Mila & Universite de Montreal Researchers Introduce the Forgetting Transformer (FoX) to Boost Long-Context Language Modeling without Sacrificing Efficiency

Transformers have revolutionized sequence modeling by introducing an architecture that handles long-range dependencies efficiently without relying on recurrence. Their ability to process input tokens simultaneously, while utilizing self-attention mechanisms, enables them to achieve impressive performance in natural language tasks. However, despite their dominance, some of the essential features found in recurrent neural networks, particularly the ability to forget irrelevant past information, are not natively present in standard Transformer models. This has led researchers to explore hybrid approaches that combine the best aspects of both architectures. The growing body of work on linear attention and gated recurrent designs has prompted interest in how such mechanisms can be meaningfully integrated into the Transformer paradigm to enhance its adaptability and precision in processing context-sensitive sequences.

A key challenge in sequential modeling is dynamically controlling memory.
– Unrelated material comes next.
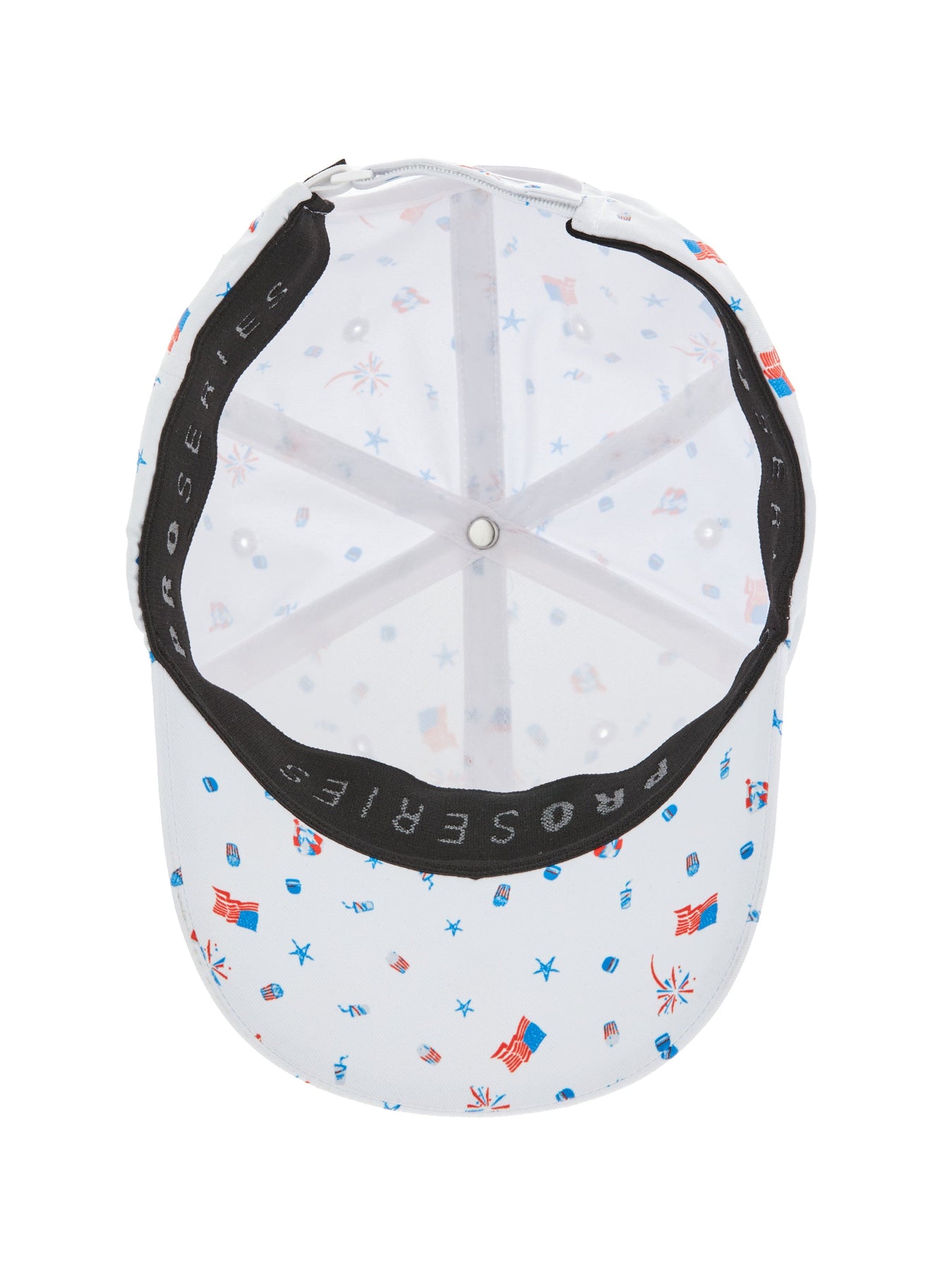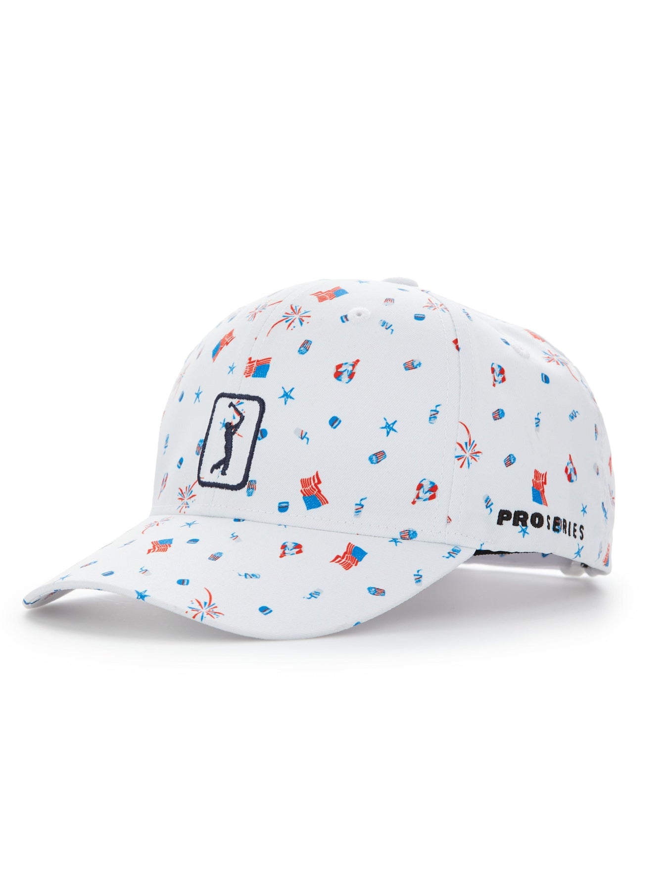 Show off your red, white, and blue pride on the green in this Americana Golf Cap from PGA TOUR. This baseball hat for men is crafted from durable polyester that stands up to regular wear and has a moisture-wicking band to help prevent sweat build-up. A curved brim helps keep the sun out of your eyes and built-in UPF protection helps block out the sun’s harmful rays. An all-over print of American flags and fireworks adds an eye-catching patriotic style to this casual golf hat.

Standard attention-based models, such as the Transformer, process and store all input information uniformly, regardless of its relevance over time. This approach can be suboptimal when recent inputs carry more significance for a task, or when older inputs introduce noise. Traditional recurrent models address this with mechanisms such as forget gates, which allow them to modulate memory retention. However, these models struggle to maintain performance over extended sequences because of their fixed-size hidden states. The Transformer, while powerful, lacks a native method for discarding less useful past information in a context-sensitive manner. As a result, tasks that demand selective memory can suffer, especially when input lengths grow substantially and noise accumulates.

To address memory challenges, some strategies have introduced static positional biases into attention mechanisms. For instance, ALiBi adds predefined slopes to attention logits to simulate a form of recency weighting. However, such methods lack adaptability, as they do not consider the content of the input when deciding what to retain. Other efforts, such as Mamba-2 and GLA, implement gating within linear attention frameworks but often sacrifice normalization, a key aspect of Transformer accuracy. Also, these models tend to deviate significantly from the Transformer structure, making them less compatible with Transformer-based optimizations and pretraining paradigms. Thus, a gap remains for an approach that can dynamically forget in a learnable and efficient manner while preserving the Transformer’s computational strengths.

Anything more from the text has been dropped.